Required action:
Pictures are not part of the copy. Set down exactly the lines from the one containing "ห้องนอนสไตล์ Modern เน้นความเรียบง่ายและความสงบ" through the last line of the material below.

Supplied information:
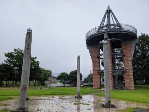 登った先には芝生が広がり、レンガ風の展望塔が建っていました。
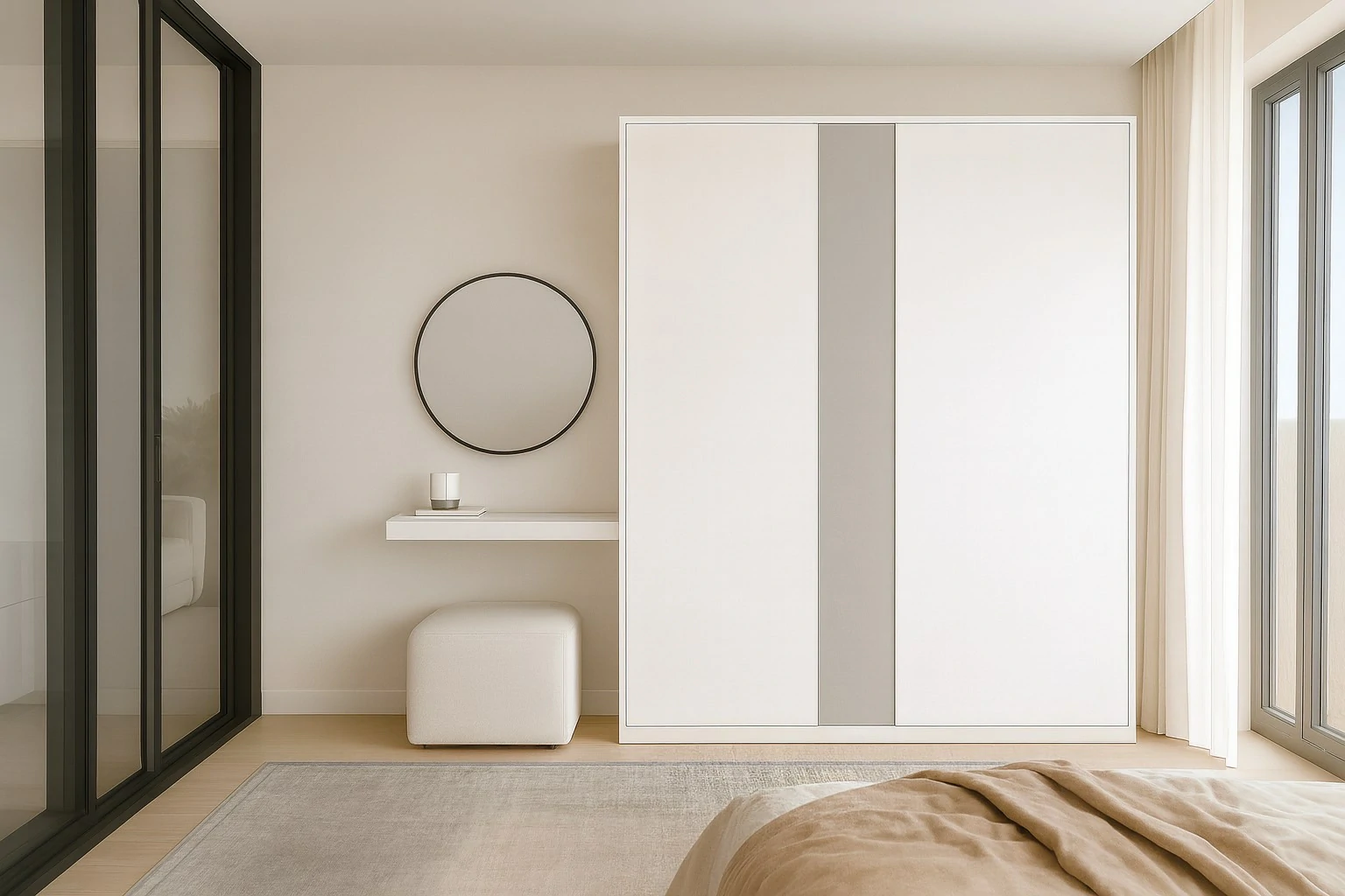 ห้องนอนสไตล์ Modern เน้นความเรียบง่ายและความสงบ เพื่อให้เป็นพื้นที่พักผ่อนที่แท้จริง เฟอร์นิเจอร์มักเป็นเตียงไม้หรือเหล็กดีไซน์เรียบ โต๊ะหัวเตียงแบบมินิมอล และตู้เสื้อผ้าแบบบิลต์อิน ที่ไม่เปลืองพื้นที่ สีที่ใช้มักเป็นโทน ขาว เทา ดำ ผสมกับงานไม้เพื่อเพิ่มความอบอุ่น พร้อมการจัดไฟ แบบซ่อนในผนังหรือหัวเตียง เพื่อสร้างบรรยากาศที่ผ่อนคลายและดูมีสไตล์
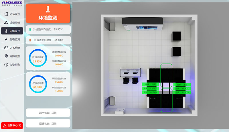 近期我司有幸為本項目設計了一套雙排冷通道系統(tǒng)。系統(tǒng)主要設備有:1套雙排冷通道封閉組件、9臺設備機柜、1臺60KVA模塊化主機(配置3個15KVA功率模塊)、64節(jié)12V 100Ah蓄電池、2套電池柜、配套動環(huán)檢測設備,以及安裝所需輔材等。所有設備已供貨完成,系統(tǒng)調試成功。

Result of this exercise:
 ห้องนอนสไตล์ Modern เน้นความเรียบง่ายและความสงบ เพื่อให้เป็นพื้นที่พักผ่อนที่แท้จริง เฟอร์นิเจอร์มักเป็นเตียงไม้หรือเหล็กดีไซน์เรียบ โต๊ะหัวเตียงแบบมินิมอล และตู้เสื้อผ้าแบบบิลต์อิน ที่ไม่เปลืองพื้นที่ สีที่ใช้มักเป็นโทน ขาว เทา ดำ ผสมกับงานไม้เพื่อเพิ่มความอบอุ่น พร้อมการจัดไฟ แบบซ่อนในผนังหรือหัวเตียง เพื่อสร้างบรรยากาศที่ผ่อนคลายและดูมีสไตล์
 近期我司有幸為本項目設計了一套雙排冷通道系統(tǒng)。系統(tǒng)主要設備有:1套雙排冷通道封閉組件、9臺設備機柜、1臺60KVA模塊化主機(配置3個15KVA功率模塊)、64節(jié)12V 100Ah蓄電池、2套電池柜、配套動環(huán)檢測設備,以及安裝所需輔材等。所有設備已供貨完成,系統(tǒng)調試成功。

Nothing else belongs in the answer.